--- TASK PROMPT ---
Within the listing that follows, reproduce exactly the lines starting at the line with "Les travaux d’aménagement" and ending at the line with "Кухня очень красивая.", inclusive, and only those. Pictures are dropped.

--- EXTRACTED ENTRIES ---
-------------------------
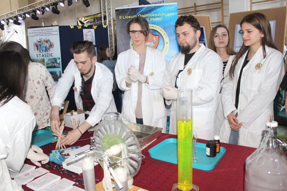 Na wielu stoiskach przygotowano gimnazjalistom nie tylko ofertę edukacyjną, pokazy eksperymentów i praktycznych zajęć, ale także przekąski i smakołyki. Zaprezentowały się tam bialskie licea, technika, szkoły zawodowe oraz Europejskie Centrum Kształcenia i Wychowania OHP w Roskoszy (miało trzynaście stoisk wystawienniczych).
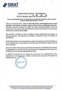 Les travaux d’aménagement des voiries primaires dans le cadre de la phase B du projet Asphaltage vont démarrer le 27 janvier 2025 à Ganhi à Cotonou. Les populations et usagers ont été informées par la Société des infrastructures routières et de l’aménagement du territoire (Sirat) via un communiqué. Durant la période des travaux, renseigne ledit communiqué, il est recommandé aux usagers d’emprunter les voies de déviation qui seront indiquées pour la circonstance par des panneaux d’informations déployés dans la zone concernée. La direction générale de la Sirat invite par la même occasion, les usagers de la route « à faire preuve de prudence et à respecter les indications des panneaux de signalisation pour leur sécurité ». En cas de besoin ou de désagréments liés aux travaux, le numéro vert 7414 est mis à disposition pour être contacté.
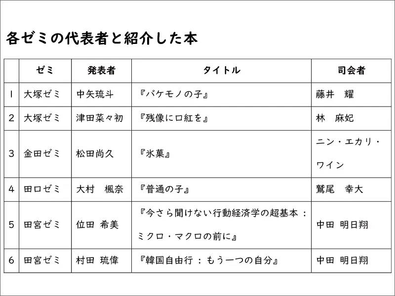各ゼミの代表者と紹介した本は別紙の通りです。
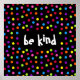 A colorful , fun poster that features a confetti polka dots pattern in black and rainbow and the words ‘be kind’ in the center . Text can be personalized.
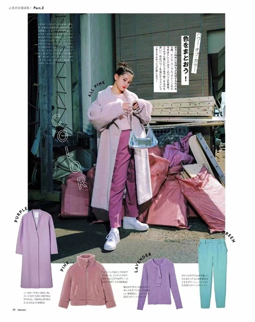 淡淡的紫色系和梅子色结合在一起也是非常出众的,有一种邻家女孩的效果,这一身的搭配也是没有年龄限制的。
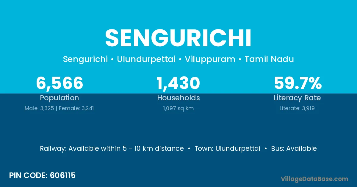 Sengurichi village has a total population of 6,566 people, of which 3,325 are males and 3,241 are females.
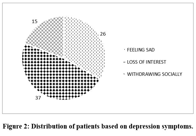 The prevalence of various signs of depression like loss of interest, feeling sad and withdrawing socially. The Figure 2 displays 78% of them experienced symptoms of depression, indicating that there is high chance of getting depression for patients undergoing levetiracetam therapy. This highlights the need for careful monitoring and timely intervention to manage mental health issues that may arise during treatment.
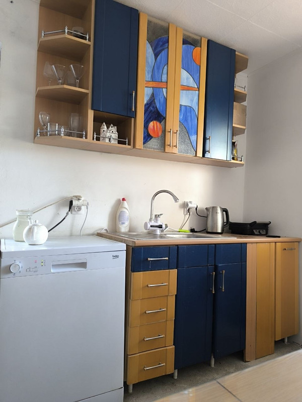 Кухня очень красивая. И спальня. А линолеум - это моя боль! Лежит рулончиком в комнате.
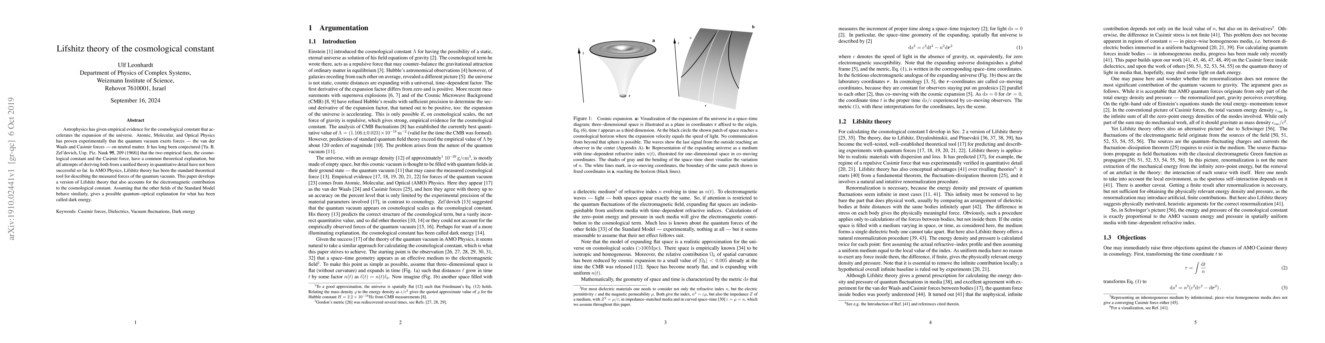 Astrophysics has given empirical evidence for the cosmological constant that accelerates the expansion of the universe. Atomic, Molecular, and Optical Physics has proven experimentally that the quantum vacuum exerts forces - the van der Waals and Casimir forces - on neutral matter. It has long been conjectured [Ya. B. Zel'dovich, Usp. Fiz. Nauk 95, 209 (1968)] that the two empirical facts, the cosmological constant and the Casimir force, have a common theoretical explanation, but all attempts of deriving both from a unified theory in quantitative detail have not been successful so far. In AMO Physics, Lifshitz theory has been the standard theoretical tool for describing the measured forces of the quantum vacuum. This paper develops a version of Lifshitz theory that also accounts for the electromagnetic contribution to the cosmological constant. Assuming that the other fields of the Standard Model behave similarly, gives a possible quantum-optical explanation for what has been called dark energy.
-------------------------
--- COMPLETED TASK ---
 Les travaux d’aménagement des voiries primaires dans le cadre de la phase B du projet Asphaltage vont démarrer le 27 janvier 2025 à Ganhi à Cotonou. Les populations et usagers ont été informées par la Société des infrastructures routières et de l’aménagement du territoire (Sirat) via un communiqué. Durant la période des travaux, renseigne ledit communiqué, il est recommandé aux usagers d’emprunter les voies de déviation qui seront indiquées pour la circonstance par des panneaux d’informations déployés dans la zone concernée. La direction générale de la Sirat invite par la même occasion, les usagers de la route « à faire preuve de prudence et à respecter les indications des panneaux de signalisation pour leur sécurité ». En cas de besoin ou de désagréments liés aux travaux, le numéro vert 7414 est mis à disposition pour être contacté.
各ゼミの代表者と紹介した本は別紙の通りです。
 A colorful , fun poster that features a confetti polka dots pattern in black and rainbow and the words ‘be kind’ in the center . Text can be personalized.
 淡淡的紫色系和梅子色结合在一起也是非常出众的,有一种邻家女孩的效果,这一身的搭配也是没有年龄限制的。
 Sengurichi village has a total population of 6,566 people, of which 3,325 are males and 3,241 are females.
 The prevalence of various signs of depression like loss of interest, feeling sad and withdrawing socially. The Figure 2 displays 78% of them experienced symptoms of depression, indicating that there is high chance of getting depression for patients undergoing levetiracetam therapy. This highlights the need for careful monitoring and timely intervention to manage mental health issues that may arise during treatment.
 Кухня очень красивая. И спальня. А линолеум - это моя боль! Лежит рулончиком в комнате.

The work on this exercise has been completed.